Data shown:
=======

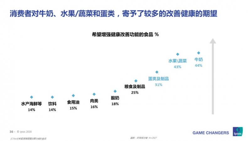 免疫力不足會(huì)產(chǎn)生的各項(xiàng)身體問題,普通消費(fèi)者們認(rèn)為是由于自身身體太過疲勞所導(dǎo)致,因此會(huì)優(yōu)先選擇調(diào)整日常作息或通過飲食來改善自身狀況。消費(fèi)者對牛奶、水果/蔬菜和蛋類寄予了較多的改善健康的期望,他們希望通過食用含有豐富營養(yǎng)價(jià)值的食品,調(diào)理身體。
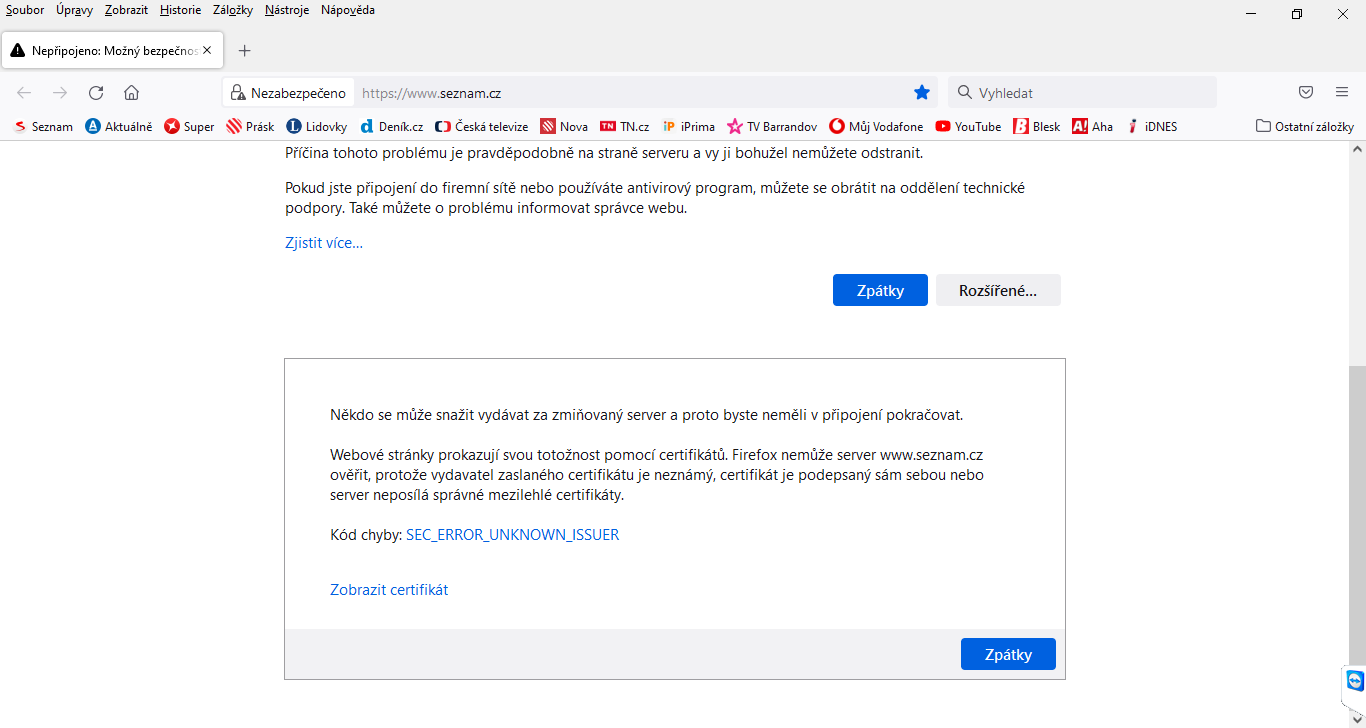 Máš to tam napsané, oč se jedná. Ten localhost certifikát ti určitě neposílá Seznam, tak prostě zjisti co/kdo posílá ten localhost certifikát, mezi Seznamem a prohlížečem je něco, co upravuje komunikaci, tip, co by to mohlo být, máš v těch hláškách a tedy antivirový program. Jestli to není ten, tak přece nebude až tak složité přijít na to, co to je.
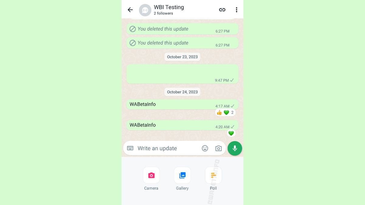 वॉट्सऐप चैनल पर अभी क्रिएटर्स को कुछ ही ऑप्शन पेश किए जाते हैं। क्रिएटर अपने चैनल में फॉलोअर्स के लिए गैलरी से पिक्चर-वीडियो को सेंड कर सकते हैं। इसके अलावा, क्रिएटर्स को पेमेंट और कैमरा का ही ऑप्शन मिलता है। हालांकि, बहुत जल्द वॉट्सऐप चैनल के साथ पोल्स क्रिएट करने के ऑप्शन को भी देखा जा सकेगा।

=======

About this exercise: Everything in the material must be duplicated exactly, except the pictures.

Result for this exercise:
 免疫力不足會(huì)產(chǎn)生的各項(xiàng)身體問題,普通消費(fèi)者們認(rèn)為是由于自身身體太過疲勞所導(dǎo)致,因此會(huì)優(yōu)先選擇調(diào)整日常作息或通過飲食來改善自身狀況。消費(fèi)者對牛奶、水果/蔬菜和蛋類寄予了較多的改善健康的期望,他們希望通過食用含有豐富營養(yǎng)價(jià)值的食品,調(diào)理身體。
 Máš to tam napsané, oč se jedná. Ten localhost certifikát ti určitě neposílá Seznam, tak prostě zjisti co/kdo posílá ten localhost certifikát, mezi Seznamem a prohlížečem je něco, co upravuje komunikaci, tip, co by to mohlo být, máš v těch hláškách a tedy antivirový program. Jestli to není ten, tak přece nebude až tak složité přijít na to, co to je.
 वॉट्सऐप चैनल पर अभी क्रिएटर्स को कुछ ही ऑप्शन पेश किए जाते हैं। क्रिएटर अपने चैनल में फॉलोअर्स के लिए गैलरी से पिक्चर-वीडियो को सेंड कर सकते हैं। इसके अलावा, क्रिएटर्स को पेमेंट और कैमरा का ही ऑप्शन मिलता है। हालांकि, बहुत जल्द वॉट्सऐप चैनल के साथ पोल्स क्रिएट करने के ऑप्शन को भी देखा जा सकेगा।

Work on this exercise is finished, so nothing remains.